Roy Rose, who resigned from the Catalina Island Conservancy board, says… (Louis Sahagun, Los Angeles…)
The conservancy that manages nine-tenths of Catalina Island began caving in on itself last week as a scientist and three members of the board of directors, one of them a major donor, walked away over differences with the organization's top executive.
Their departures bring to 10 the number of scientists and officials who have quit in recent months citing what they say is Executive Director Ann Muscat's controversial leadership style and differences over the direction she is taking the 40-year-old Catalina Island Conservancy.
"The organization is imploding," Roy Rose, a Catalina resident and businessman who resigned from the board last week, said Friday while standing on the veranda of his home overlooking Avalon's cozy harbor.
Rose, 77, said he had written the nonprofit out of his will, depriving it of more than $10 million. "I felt betrayed and misled," Rose said.

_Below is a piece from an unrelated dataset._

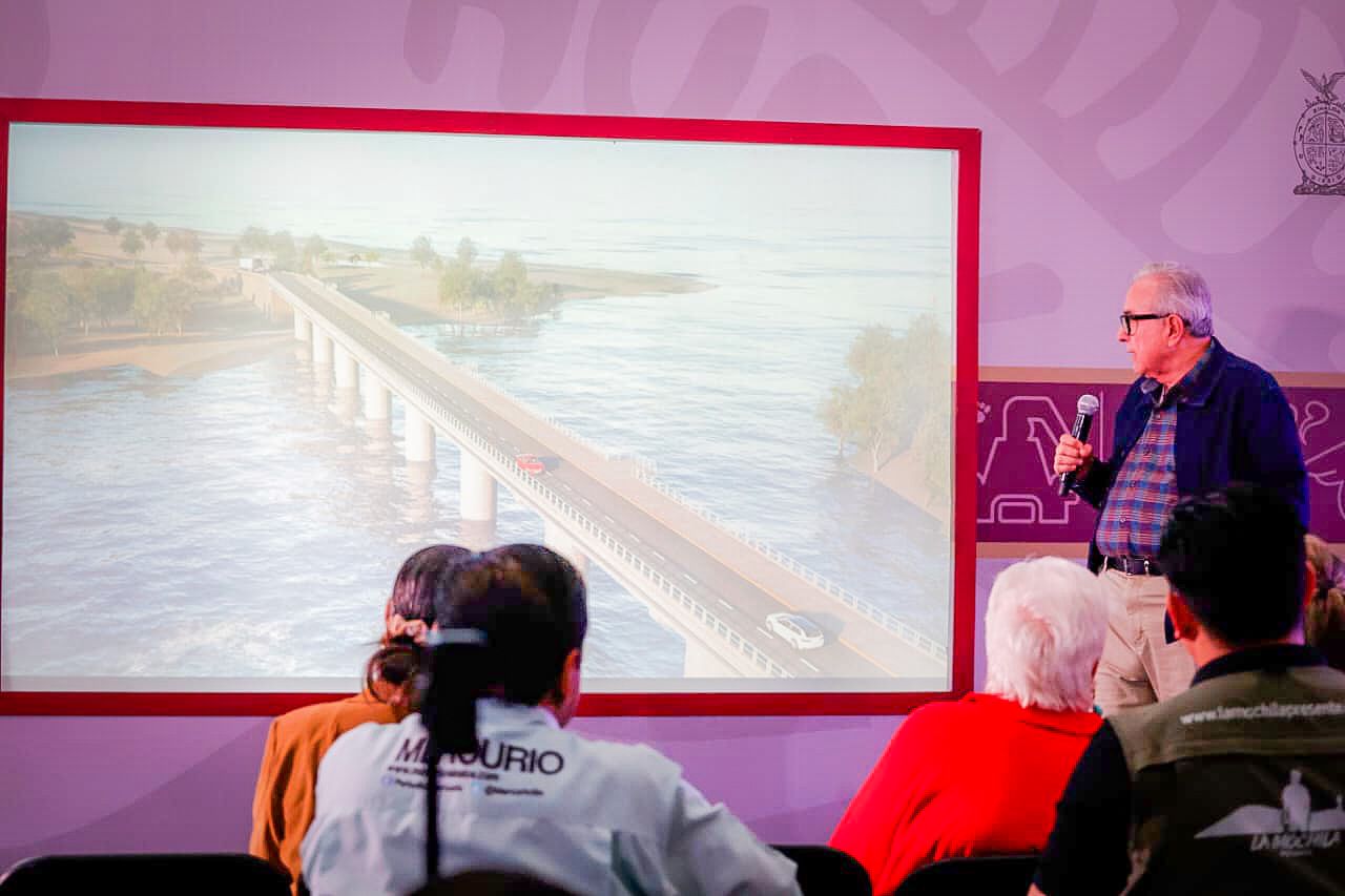 “En pocas palabras, ya está el puente, está el dinero suficiente para pagarlo, no tiene ningún problema, ya los ingenieros están aplicando una tecnología, pues lo más complicado es hacer cómo estos pilares queden debidamente firmes en el agua, pues son 40 metros de profundidad”, retomó el gobernador luego de la explicación técnica que hizo el secretario de Obras.
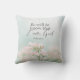 Gooi kussen met inspirerend citaatgeschrift toont een eenvoudige botanische tuin met  roze bloemen en een zacht blauwe achtergrond. Het bevat bijbelvers Psalm 46:10, "Wees stil en weet dat ik God ben."

Muscat remains on the job by virtue of what sources said was an 8-7 vote by the board in a closed session Dec. 14. Some board members wanted to fire her immediately, but a majority preferred to keep her until a replacement is found, the sources said.
On Dec. 17, however, the conservancy announced that Muscat had retained the full support of the board. The statement contributed to some of the recent resignations.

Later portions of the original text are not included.